[Dataset excerpts]
- - - - - - -
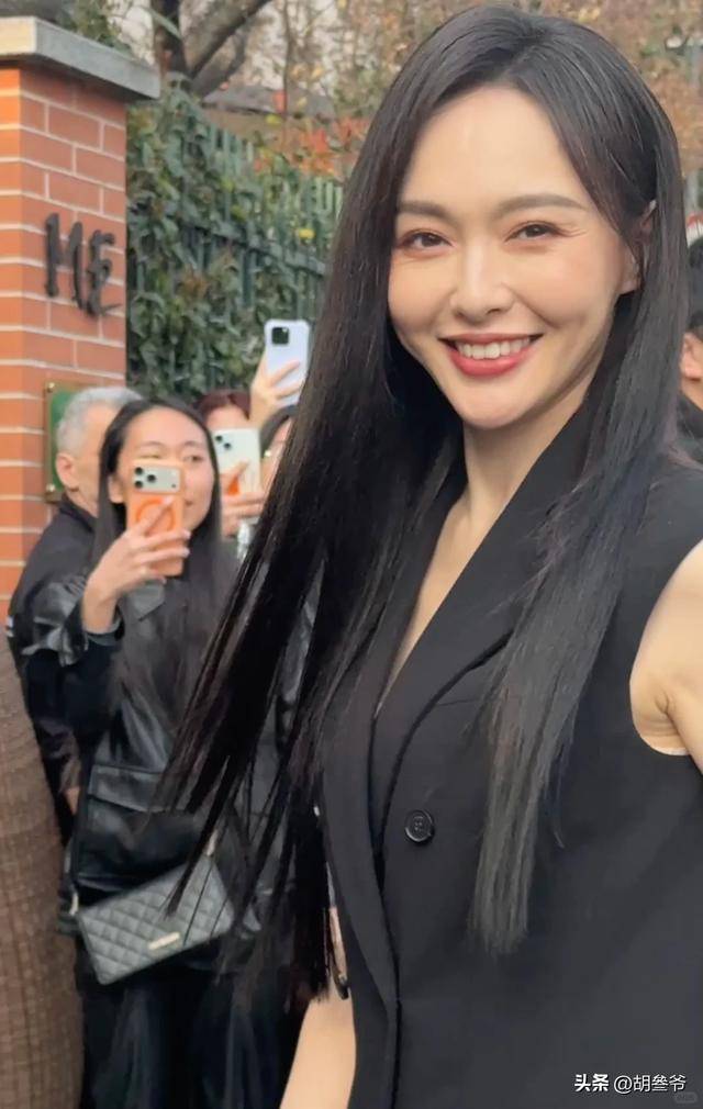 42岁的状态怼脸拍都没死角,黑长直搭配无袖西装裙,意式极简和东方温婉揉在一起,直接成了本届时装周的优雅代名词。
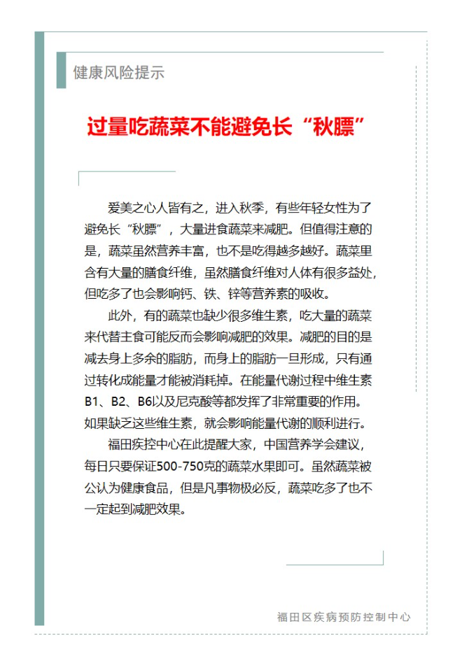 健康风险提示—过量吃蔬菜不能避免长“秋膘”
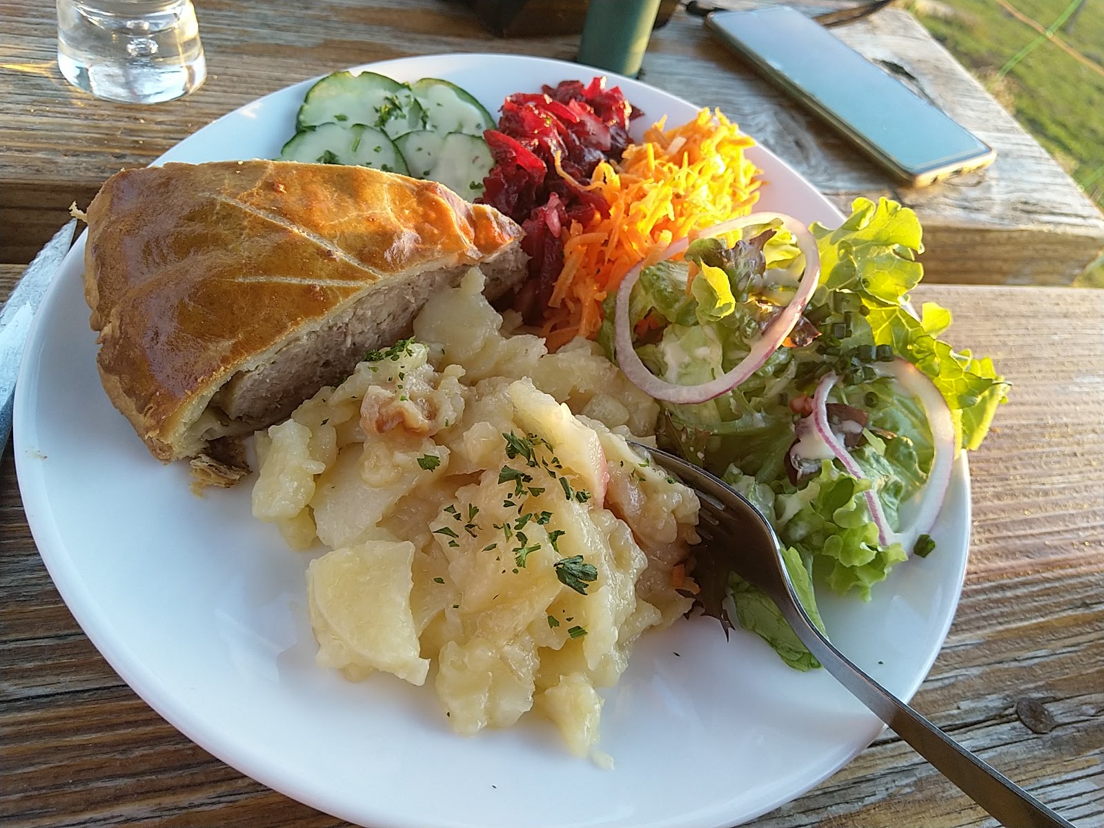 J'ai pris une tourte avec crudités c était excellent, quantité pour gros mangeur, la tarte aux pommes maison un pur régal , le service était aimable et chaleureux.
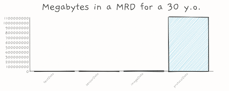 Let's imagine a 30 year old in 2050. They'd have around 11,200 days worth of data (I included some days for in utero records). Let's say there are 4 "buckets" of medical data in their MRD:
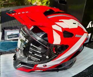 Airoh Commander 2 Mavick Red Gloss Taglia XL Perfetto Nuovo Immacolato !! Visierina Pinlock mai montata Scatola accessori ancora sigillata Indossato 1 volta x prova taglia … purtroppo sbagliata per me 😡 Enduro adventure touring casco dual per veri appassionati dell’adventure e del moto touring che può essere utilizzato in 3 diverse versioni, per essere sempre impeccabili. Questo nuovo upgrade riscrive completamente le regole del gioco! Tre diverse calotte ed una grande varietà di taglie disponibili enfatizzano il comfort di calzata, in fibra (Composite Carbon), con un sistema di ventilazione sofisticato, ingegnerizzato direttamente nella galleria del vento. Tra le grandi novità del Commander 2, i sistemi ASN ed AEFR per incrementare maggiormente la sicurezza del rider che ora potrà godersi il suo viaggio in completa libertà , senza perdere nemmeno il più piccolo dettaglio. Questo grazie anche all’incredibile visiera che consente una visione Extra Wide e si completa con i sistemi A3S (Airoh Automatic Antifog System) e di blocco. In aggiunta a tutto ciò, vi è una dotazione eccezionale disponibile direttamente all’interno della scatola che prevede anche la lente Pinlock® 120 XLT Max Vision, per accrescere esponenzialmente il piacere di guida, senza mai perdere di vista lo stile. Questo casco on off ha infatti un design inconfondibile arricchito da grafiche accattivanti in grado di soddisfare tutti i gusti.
- - - - - - -
> _Exercise aim_
Leave the pictures out, and transcribe each of the records exactly.

> _Solution_
 42岁的状态怼脸拍都没死角,黑长直搭配无袖西装裙,意式极简和东方温婉揉在一起,直接成了本届时装周的优雅代名词。
 健康风险提示—过量吃蔬菜不能避免长“秋膘”
 J'ai pris une tourte avec crudités c était excellent, quantité pour gros mangeur, la tarte aux pommes maison un pur régal , le service était aimable et chaleureux.
 Let's imagine a 30 year old in 2050. They'd have around 11,200 days worth of data (I included some days for in utero records). Let's say there are 4 "buckets" of medical data in their MRD:
 Airoh Commander 2 Mavick Red Gloss Taglia XL Perfetto Nuovo Immacolato !! Visierina Pinlock mai montata Scatola accessori ancora sigillata Indossato 1 volta x prova taglia … purtroppo sbagliata per me 😡 Enduro adventure touring casco dual per veri appassionati dell’adventure e del moto touring che può essere utilizzato in 3 diverse versioni, per essere sempre impeccabili. Questo nuovo upgrade riscrive completamente le regole del gioco! Tre diverse calotte ed una grande varietà di taglie disponibili enfatizzano il comfort di calzata, in fibra (Composite Carbon), con un sistema di ventilazione sofisticato, ingegnerizzato direttamente nella galleria del vento. Tra le grandi novità del Commander 2, i sistemi ASN ed AEFR per incrementare maggiormente la sicurezza del rider che ora potrà godersi il suo viaggio in completa libertà , senza perdere nemmeno il più piccolo dettaglio. Questo grazie anche all’incredibile visiera che consente una visione Extra Wide e si completa con i sistemi A3S (Airoh Automatic Antifog System) e di blocco. In aggiunta a tutto ciò, vi è una dotazione eccezionale disponibile direttamente all’interno della scatola che prevede anche la lente Pinlock® 120 XLT Max Vision, per accrescere esponenzialmente il piacere di guida, senza mai perdere di vista lo stile. Questo casco on off ha infatti un design inconfondibile arricchito da grafiche accattivanti in grado di soddisfare tutti i gusti.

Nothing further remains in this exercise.